Vu sous cet angle, force est de reconnaître que s’il y a des acquis beaucoup reste néanmoins à faire. Je citerai à titre d’illustration mais non exhaustif, l’école qui est toujours dans des difficultés, la problématique de l’emploi, la cherté de la vie, les contestations électorales etc. Mais les acquis également existent.

Quand on regarde le désenclavement intérieur et extérieur du pays, les espaces d’expression … on se rend compte qu’il y a eu du progrès. Maintenant, l’erreur serait de considérer que la démocratie s’arrête à un instant  » T « . C’est un processus et nous devons veiller malgré l’évolution en dents de scie qui est une tendance nette et incontestable pour un mieux être collectif et plus de liberté pour chacun.

L’Indép : Monsieur le président, la démocratie devrait améliorer les conditions de vie des populations. Apparemment, on est loin de cet objectif…

M.T : Nul ne sera pris au sérieux aujourd’hui s’il affirme que tout va bien. Le monde est en crise, le Mali aussi. Mais, il ne faudrait pas tout rapporter à la crise mais nul ne sera également pris au sérieux s’il affirme qu’aucun progrès n’a été accompli depuis 20 ans. Il y a des défis énormes qui doivent être relevés.Le modus operandi, c’est la bonne gouvernance qui est une quête permanente.

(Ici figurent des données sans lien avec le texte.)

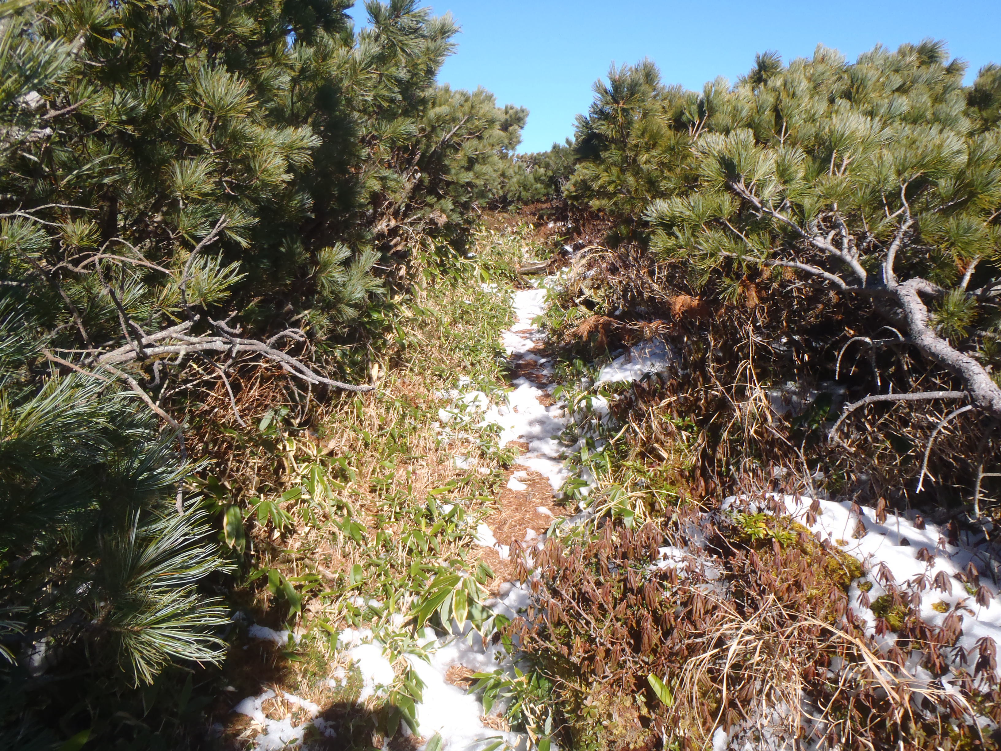 800m越えたらハイ松に隠れて雪が溶けずに残っていました。

La meilleure façon d’y parvenir, de manière pérenne, est l’émergence d’une opinion publique, formée, informée et vigilante qui à tout moment peut attirer l’attention des décideurs publics sur les erreurs à corriger.

Avec au bout de la chaîne et à l’occasion de chaque consultation électorale la récompense ou la sanction du travail bien ou mal fait.